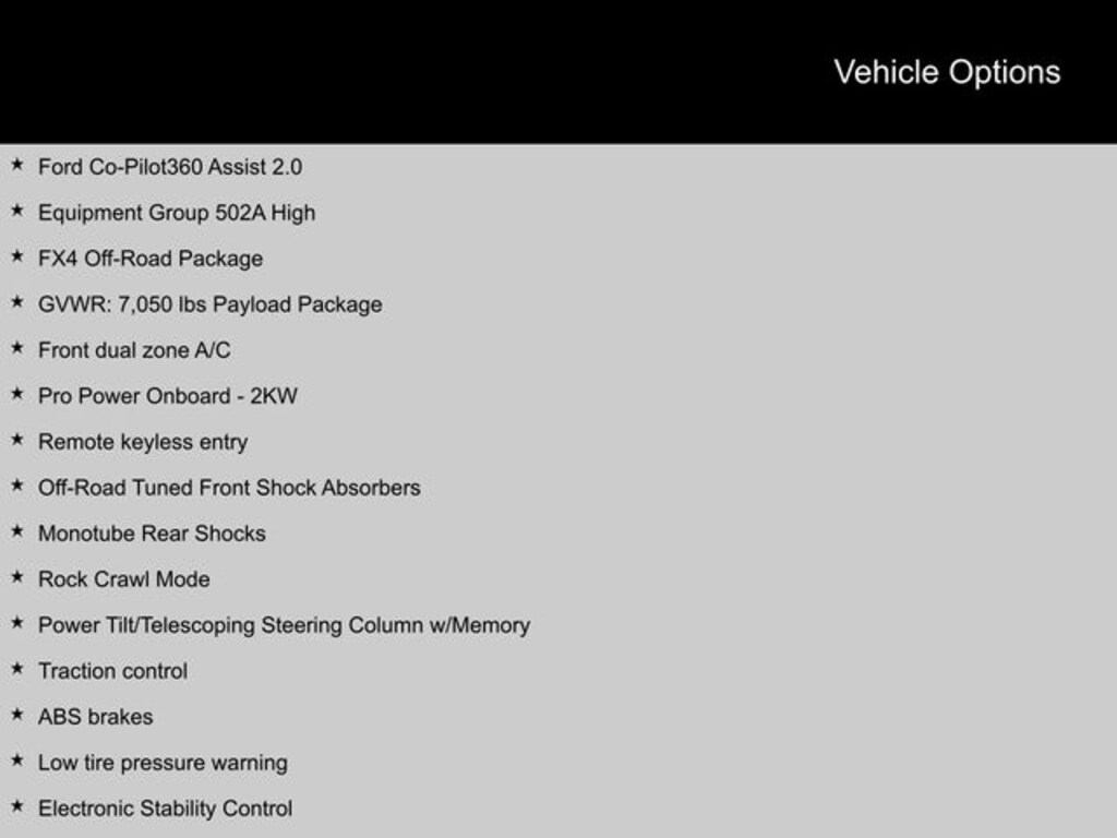 2023 Ford F-150 4WD, 2nd Row Heated Seats, 4x4 FX4 Off-Road Bodyside Decal, ABS brakes, Alloy wheels, Compass, Connected Built-In Navigation, Electronic Locking w/3.55 Axle Ratio, Electronic Stability Control, Equipment Group 502A High, Evasive Steering Assist, Ford Co-Pilot360 Assist 2.0, Front dual zone A/C, FX4 Off-Road Package, GVWR: 7,050 lbs Payload Package, Heated door mirrors, Heated front seats, Hill Descent Control, Illuminated entry, Intelligent Adaptive Cruise Control w/Stop & Go, Intersection Assist, LED Projector w/Dynamic Bending Headlamps, LED Sideview Mirror Spotlights, Low tire pressure warning, Monotube Rear Shocks, Off-Road Tuned Front Shock Absorbers, Onboard Scale w/Smart Hitch, Power Telescoping/Glass/Folding Trailer Tow Mirrors, Power Tilt/Telescoping Steering Column w/Memory, Power-Deployable Running Boards, Pro Power Onboard - 2KW, Rain-Sensing Wipers, Remote keyless entry, Rock Crawl Mode, Speed Sign Recognition, Traction control, Wheels: 20" 6-Spoke Dark Alloy Painted Aluminum, Wireless Charging Pad.
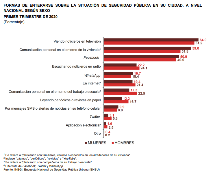 62.7% de la población de 18 años y más consulta los “noticieros en televisión” para informarse sobre la seguridad pública, el narcotráfico y la violencia; 55.7% mantiene “comunicación personal en el entorno de la vivienda1 ” para dicho propósito; mientras que 50% se informa por medio de Facebook, y 23.1% a través de “noticieros en radio”.
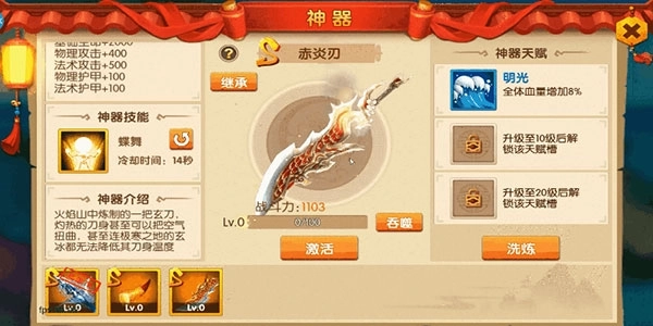 火焰山中的一把玄刀,灼热的刀身甚至可以把空气扭曲,甚至连极寒之地的玄冰也无法降低刀身温度,拥有增加血量的天赋,对战中挥舞鬼火赤炎,立斩敌人于修罗之下。
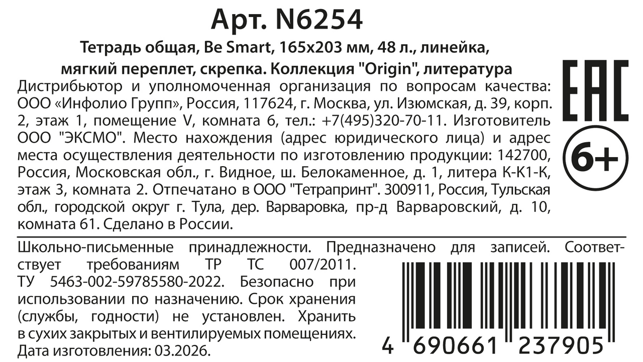 Тетрадь предметная Be Smart Origin Литература А5, 48л
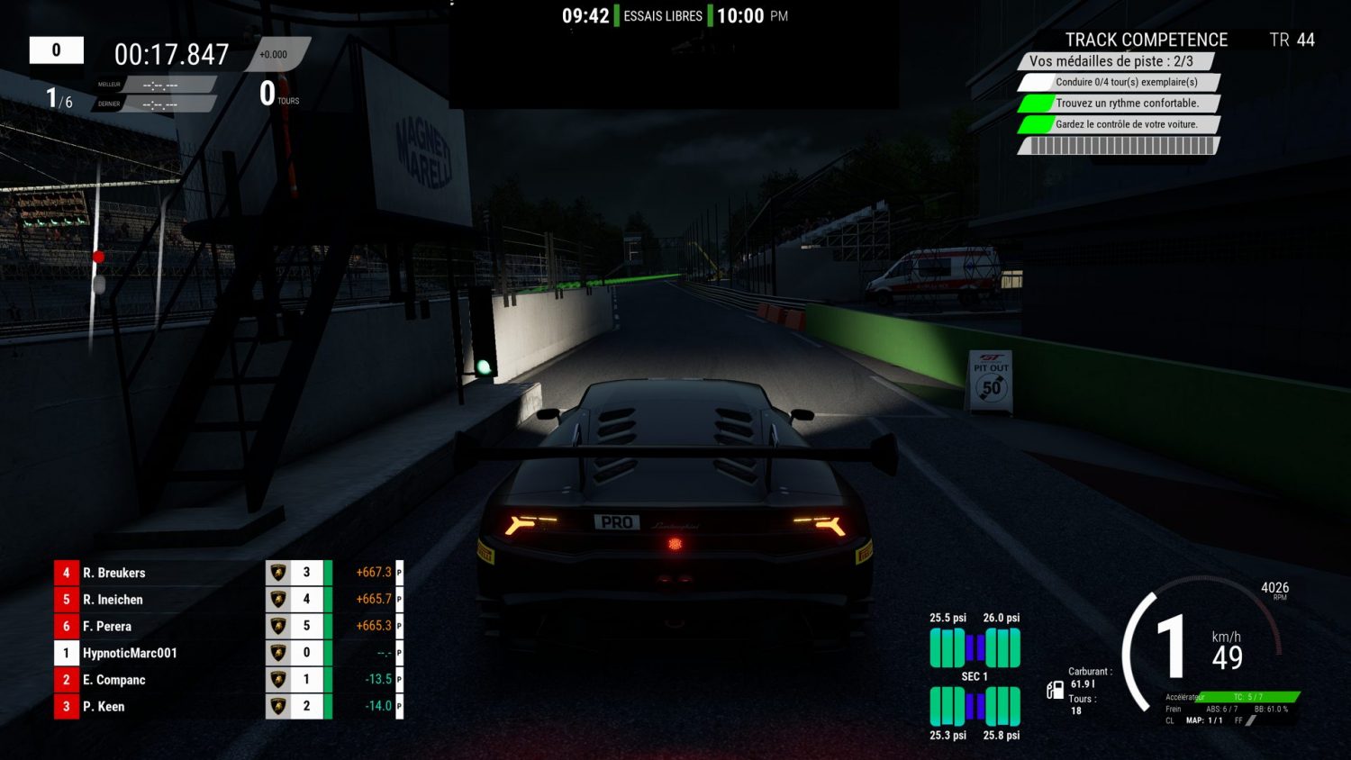 Parmi les modes de jeu proposé par Assetto Corsa Competizione, on y retrouve un mode carrière plutôt classique. Tout d’abord, on doit réaliser des tests afin d’être recruté parmi l’une des équipes du championnat Blancpain GT Series. Par la suite, il sera possible de participer aux différentes courses officielles. Néanmoins, le tout reste assez simple et assez impersonnels. Malgré la présence d’un premier test qui permet de proposer au joueur un niveau de difficulté et les aides au pilotage à activer, le titre ne propose pas vraiment de didacticiel a proprement parlé. Le mode carrière en lui-même propose pratiquement qu’un enchaînement de course pendant plusieurs saisons. J’aurai aimé avoir un peu plus d’immersion alors qu’au niveau de la conduite, il n’y a rien à redire de ce côté.
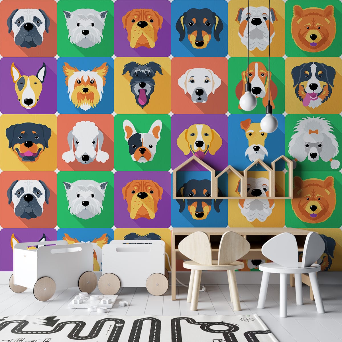 Brighten up any room with this vibrant, playful wallpaper featuring a variety of cheerful canine portraits. Perfect for adding a dash of joy and color to your space, this wallpaper celebrates beloved dog breeds with a modern, illustrative twist.
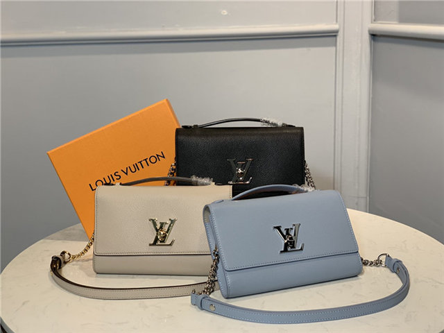 With its iconic LV turn lock and leather top handle for clutch carry, the Lockme Clutch is a striking day-to-evening bag. It boasts a clever strap with press studs to easily adjust the length for shoulder or cross-body carry. The small chain at the end of the strap brings a precious touch for evening occasions.
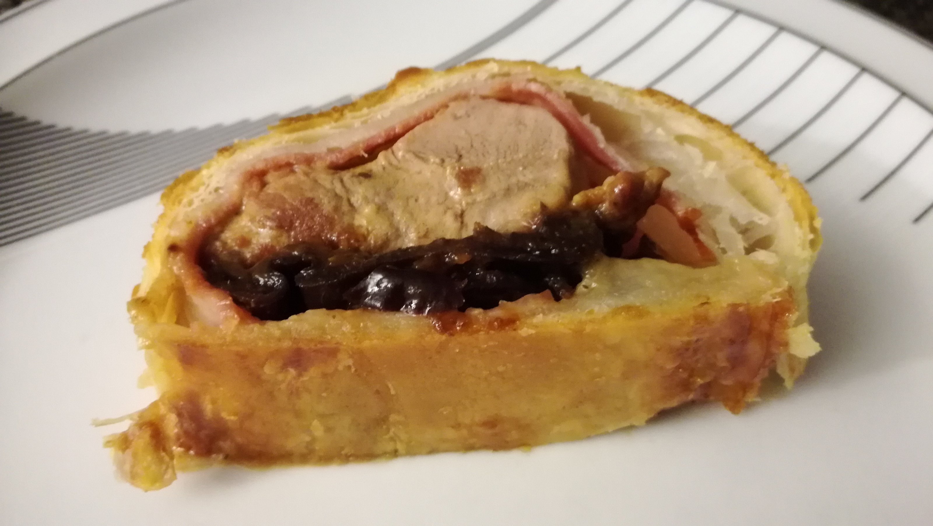 ) ein Schweinefilet mit Speck und Dörrzwetschgen im Teig.
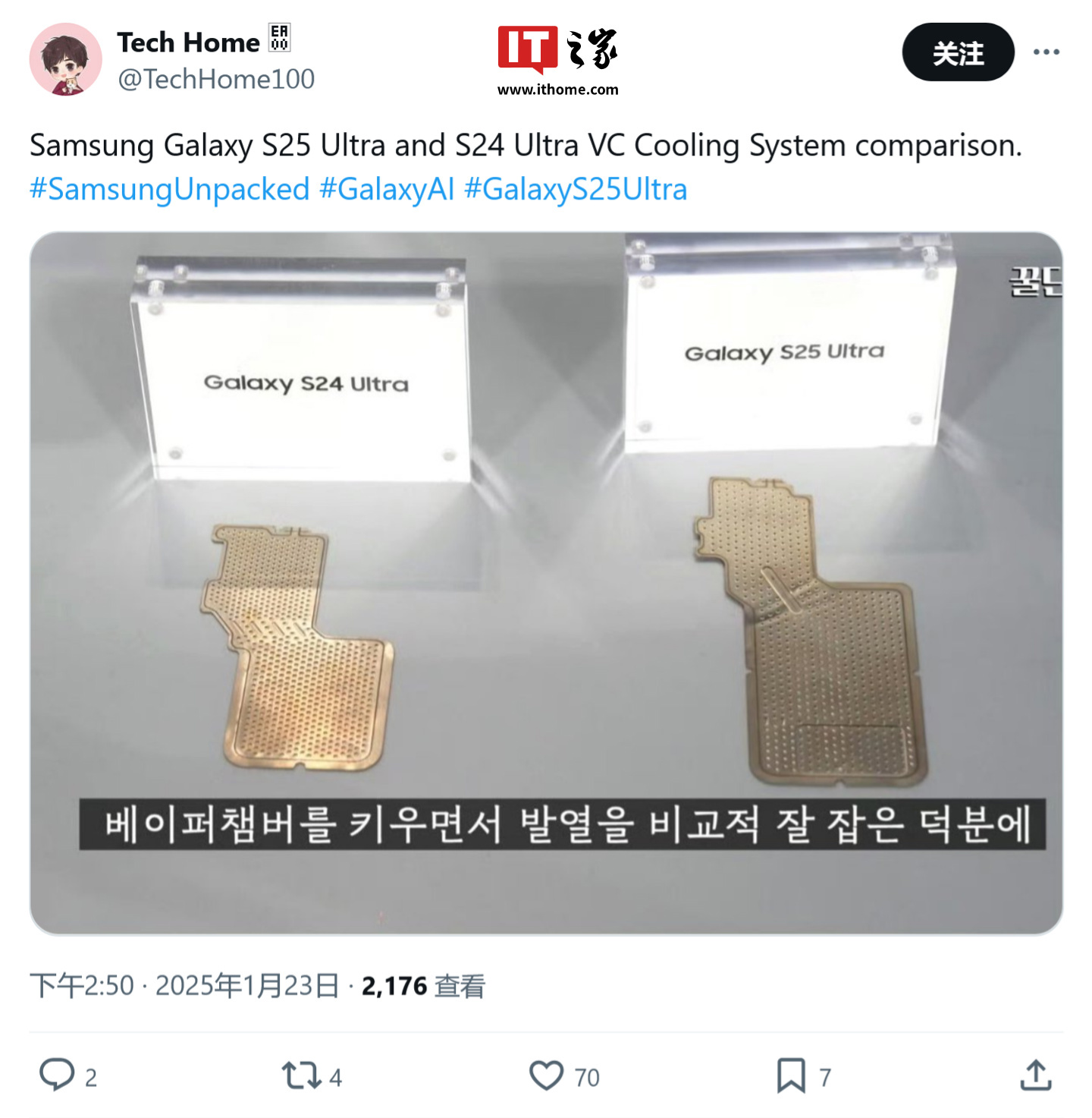 IT之家 1 月 25 日消息,消息源 @TechHome100 于 1 月 23 日在 X 平台发布推文,爆料称三星 Galaxy S25 Ultra 旗舰手机大幅改善散热系统,相比较 Galaxy S24 Ultra,采用了更大面积的 VC 均热板,并通过定制导热材料(TIM),高效提升手机散热效果,确保高性能芯片稳定运行。
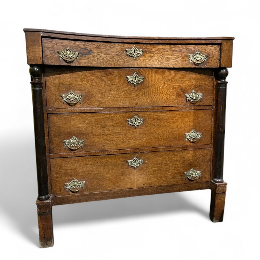 Een antieke eikenhouten ladekast of commode, met twee zwartgelakte pilaren, messing beslag en vier laden. Nederlands, eerste helft 19e eeuw.
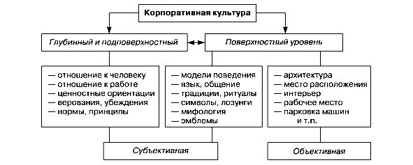Американский ученый Э. Шейн выделил три уровня корпоративной (организационной) культуры: поверхностный, внутренний и глубинный. Его модель является одной из самых распространенных и цитируемых в литературе.
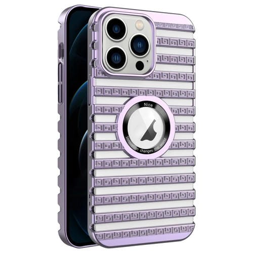 For iPhone 12 Pro Max Electroplated Hollow Phone Case with Cooling Ladder (Purple)
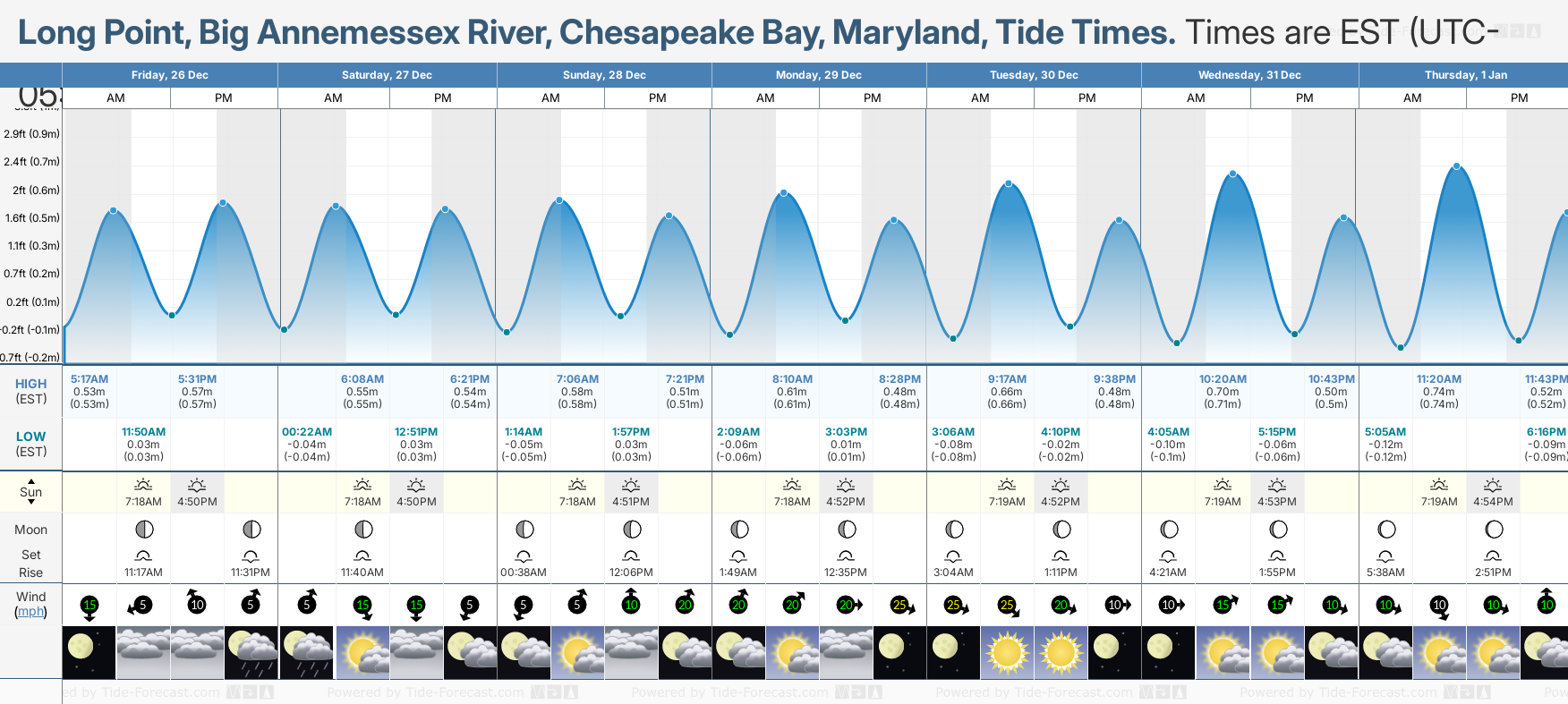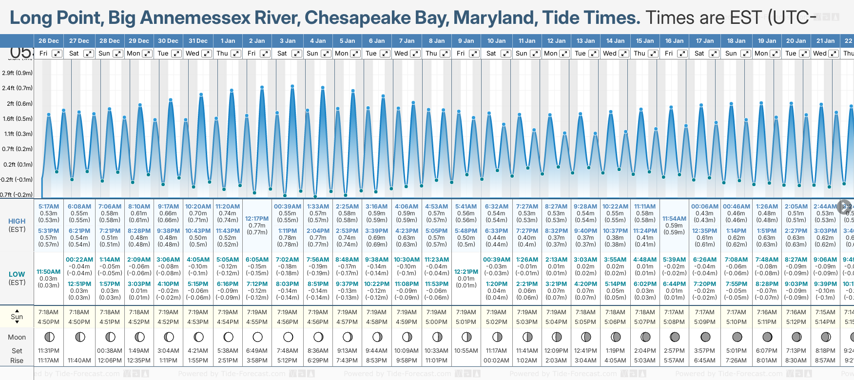 December and January Tide charts for Long Point, Big Annemessex River, Chesapeake Bay: The tide charts below show the height, time and date of high and low tides for the next 30 days.

• • • • •

Task objective - Copy each line of the records above without change, but do not include any picture.

Response area -
 2023 Ford F-150 4WD, 2nd Row Heated Seats, 4x4 FX4 Off-Road Bodyside Decal, ABS brakes, Alloy wheels, Compass, Connected Built-In Navigation, Electronic Locking w/3.55 Axle Ratio, Electronic Stability Control, Equipment Group 502A High, Evasive Steering Assist, Ford Co-Pilot360 Assist 2.0, Front dual zone A/C, FX4 Off-Road Package, GVWR: 7,050 lbs Payload Package, Heated door mirrors, Heated front seats, Hill Descent Control, Illuminated entry, Intelligent Adaptive Cruise Control w/Stop & Go, Intersection Assist, LED Projector w/Dynamic Bending Headlamps, LED Sideview Mirror Spotlights, Low tire pressure warning, Monotube Rear Shocks, Off-Road Tuned Front Shock Absorbers, Onboard Scale w/Smart Hitch, Power Telescoping/Glass/Folding Trailer Tow Mirrors, Power Tilt/Telescoping Steering Column w/Memory, Power-Deployable Running Boards, Pro Power Onboard - 2KW, Rain-Sensing Wipers, Remote keyless entry, Rock Crawl Mode, Speed Sign Recognition, Traction control, Wheels: 20" 6-Spoke Dark Alloy Painted Aluminum, Wireless Charging Pad.
 62.7% de la población de 18 años y más consulta los “noticieros en televisión” para informarse sobre la seguridad pública, el narcotráfico y la violencia; 55.7% mantiene “comunicación personal en el entorno de la vivienda1 ” para dicho propósito; mientras que 50% se informa por medio de Facebook, y 23.1% a través de “noticieros en radio”.
 火焰山中的一把玄刀,灼热的刀身甚至可以把空气扭曲,甚至连极寒之地的玄冰也无法降低刀身温度,拥有增加血量的天赋,对战中挥舞鬼火赤炎,立斩敌人于修罗之下。
 Тетрадь предметная Be Smart Origin Литература А5, 48л
 Parmi les modes de jeu proposé par Assetto Corsa Competizione, on y retrouve un mode carrière plutôt classique. Tout d’abord, on doit réaliser des tests afin d’être recruté parmi l’une des équipes du championnat Blancpain GT Series. Par la suite, il sera possible de participer aux différentes courses officielles. Néanmoins, le tout reste assez simple et assez impersonnels. Malgré la présence d’un premier test qui permet de proposer au joueur un niveau de difficulté et les aides au pilotage à activer, le titre ne propose pas vraiment de didacticiel a proprement parlé. Le mode carrière en lui-même propose pratiquement qu’un enchaînement de course pendant plusieurs saisons. J’aurai aimé avoir un peu plus d’immersion alors qu’au niveau de la conduite, il n’y a rien à redire de ce côté.
 Brighten up any room with this vibrant, playful wallpaper featuring a variety of cheerful canine portraits. Perfect for adding a dash of joy and color to your space, this wallpaper celebrates beloved dog breeds with a modern, illustrative twist.
 With its iconic LV turn lock and leather top handle for clutch carry, the Lockme Clutch is a striking day-to-evening bag. It boasts a clever strap with press studs to easily adjust the length for shoulder or cross-body carry. The small chain at the end of the strap brings a precious touch for evening occasions.
 ) ein Schweinefilet mit Speck und Dörrzwetschgen im Teig.
 IT之家 1 月 25 日消息,消息源 @TechHome100 于 1 月 23 日在 X 平台发布推文,爆料称三星 Galaxy S25 Ultra 旗舰手机大幅改善散热系统,相比较 Galaxy S24 Ultra,采用了更大面积的 VC 均热板,并通过定制导热材料(TIM),高效提升手机散热效果,确保高性能芯片稳定运行。
 Een antieke eikenhouten ladekast of commode, met twee zwartgelakte pilaren, messing beslag en vier laden. Nederlands, eerste helft 19e eeuw.
Американский ученый Э. Шейн выделил три уровня корпоративной (организационной) культуры: поверхностный, внутренний и глубинный. Его модель является одной из самых распространенных и цитируемых в литературе.
 For iPhone 12 Pro Max Electroplated Hollow Phone Case with Cooling Ladder (Purple)
 December and January Tide charts for Long Point, Big Annemessex River, Chesapeake Bay: The tide charts below show the height, time and date of high and low tides for the next 30 days.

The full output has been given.